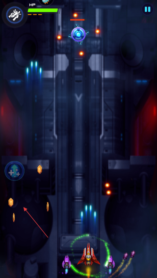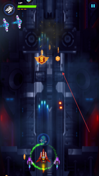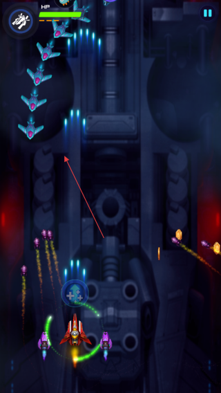 1、进入游戏,通过滑动屏幕操控己方红色主战机移动,注意屏幕左上角HP的生命值条,确保战机安全。
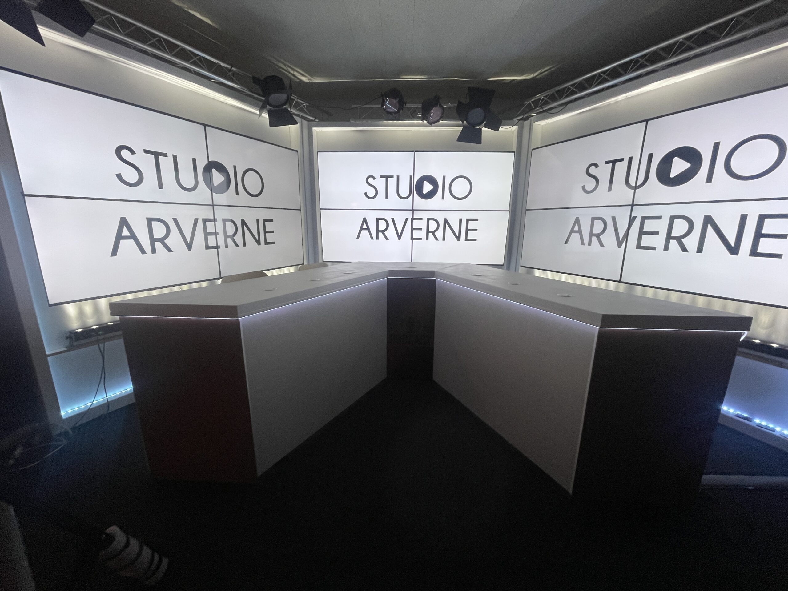 Studio personnalisable à votre image ou à celle de vos partenaires grâce aux écrans disposés sur le plateau et un éclairage modulable.
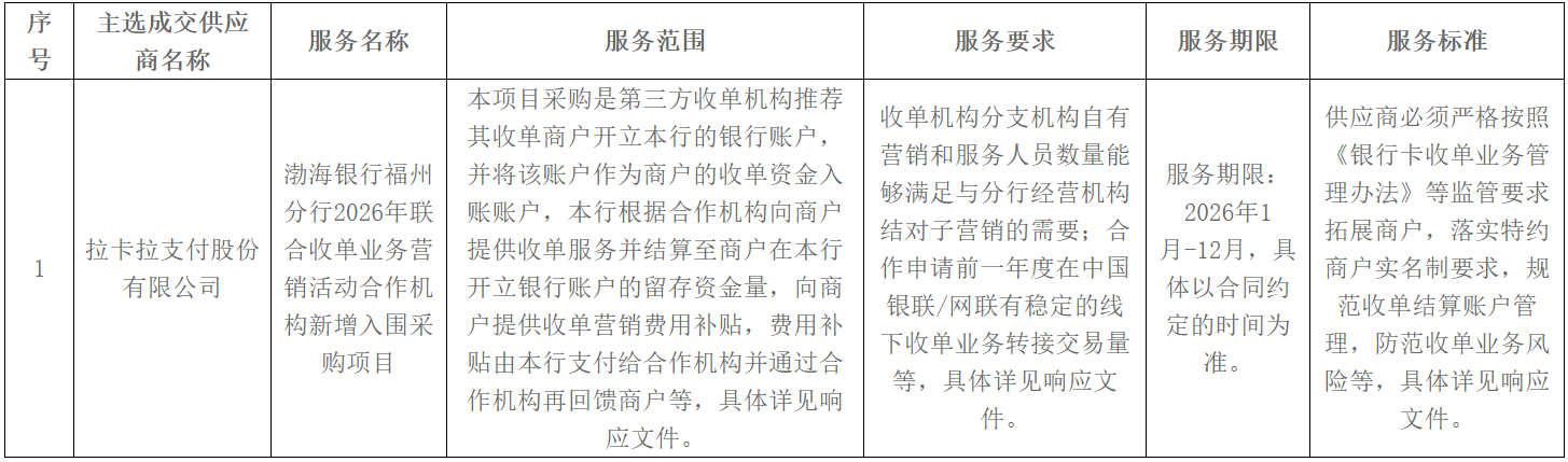二、项目名称:渤海银行福州分行2026年联合收单业务营销活动合作机构新增入围采购项目
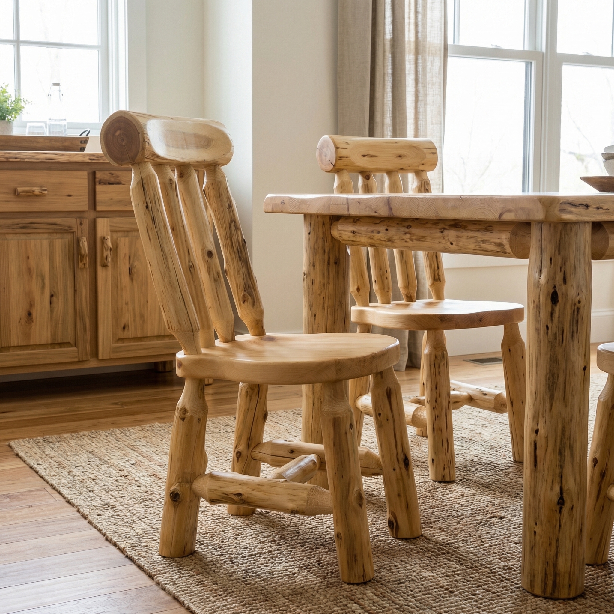 Bring the warmth of the north woods into your home with a handcrafted cedar log chair designed for rustic dining spaces, cabin retreats, and lodge-style interiors.
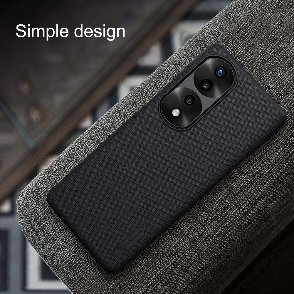 Тонкий чехол черного цвета от Nillkin серии Super Frosted Shield для смартфона Huawei Honor 70 Pro изготавливается из экологичных материалов путем высокоточного литья под давление с высокой температурой.
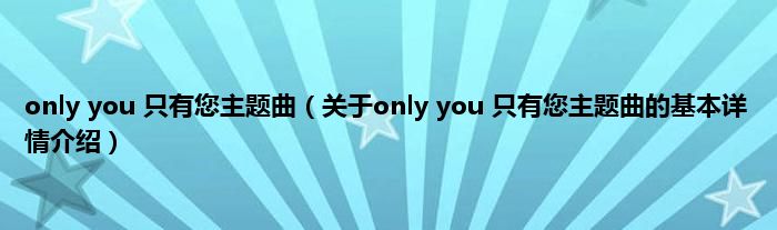 本文关于only you 只有您主题曲的基本详情介绍就讲解完毕,希望对大家有所帮助。
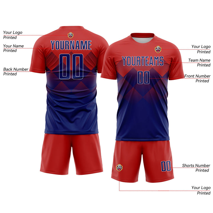 Custom Red Royal-White Classic Uniform Training Sets Soccer Jersey For Adults/Kids
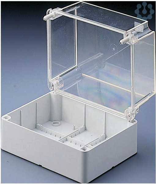 Abzweigkasten fuer elektrische und elektonische Geraete, eckig, mit glatten Waenden, transparentem hohem Schraubdeckel mit Edelstahlschrauben.
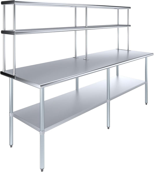 Amgood Stainless Steel Work Table Double Tier Overshelf | Metal Kitchen Prep Table & Shelving Combo (24" x 96" Work Table + 12" Overshelf)
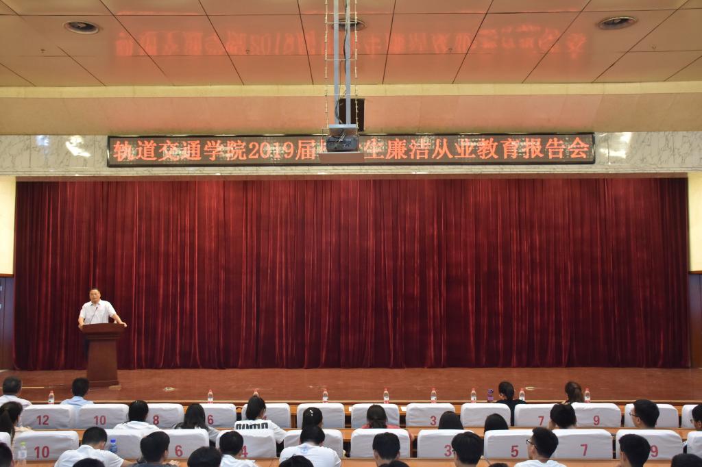 为增强同学们的法制观念,提高廉洁意识,使毕业生入职之前在心中种下廉洁、诚信、守法的种子,走好未来人生之路。6月14日上午,轨道交通学院在学校学术报告厅举办了2019届毕业生廉洁从业教育报告会。学校党委委员、纪委书记范玉斌为轨道交通学院全体毕业生做了题为“坚守纪律法规底线,走好未来人生之路”报告。
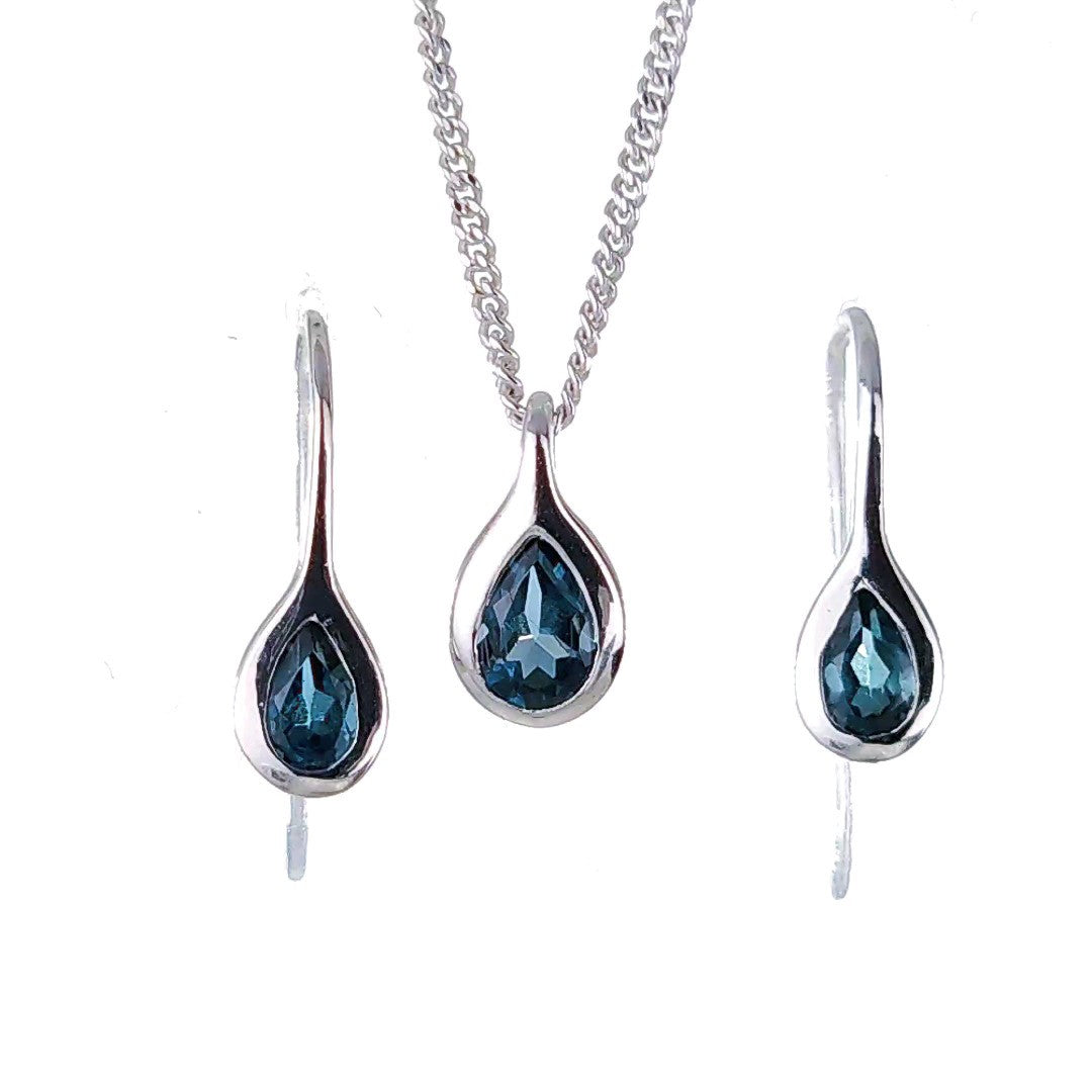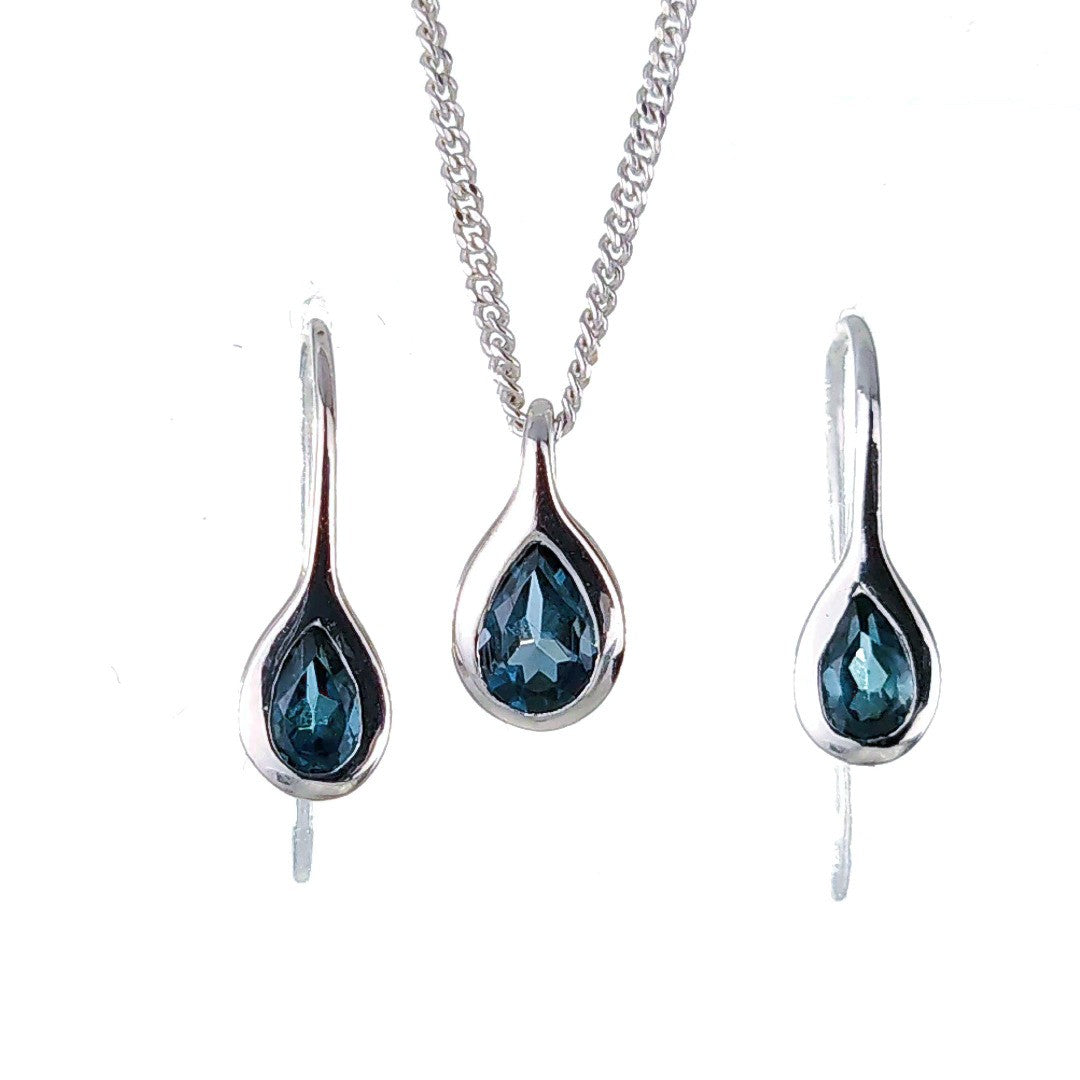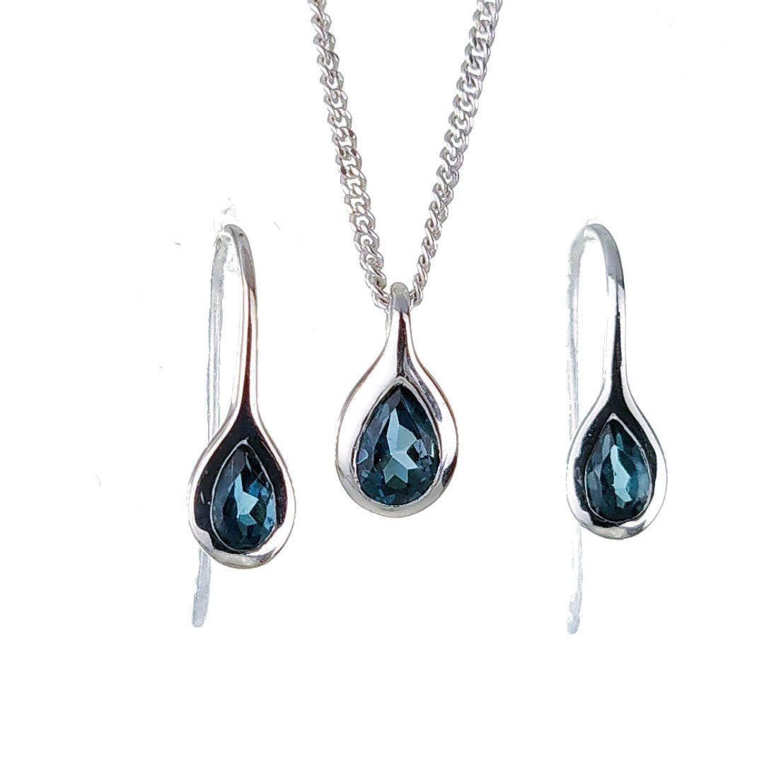 Topaz Necklace Earring Set 1ct Pear London Blue Sterling Silver Boxed Gift

********************

» Instructions for the task
Print nothing except the lines above from the one containing "Bring the warmth" down to the one containing "Custom Red Royal-White", both included, exactly as written and free of pictures.

» Written answer
 Bring the warmth of the north woods into your home with a handcrafted cedar log chair designed for rustic dining spaces, cabin retreats, and lodge-style interiors.
 Тонкий чехол черного цвета от Nillkin серии Super Frosted Shield для смартфона Huawei Honor 70 Pro изготавливается из экологичных материалов путем высокоточного литья под давление с высокой температурой.
 本文关于only you 只有您主题曲的基本详情介绍就讲解完毕,希望对大家有所帮助。
 Custom Red Royal-White Classic Uniform Training Sets Soccer Jersey For Adults/Kids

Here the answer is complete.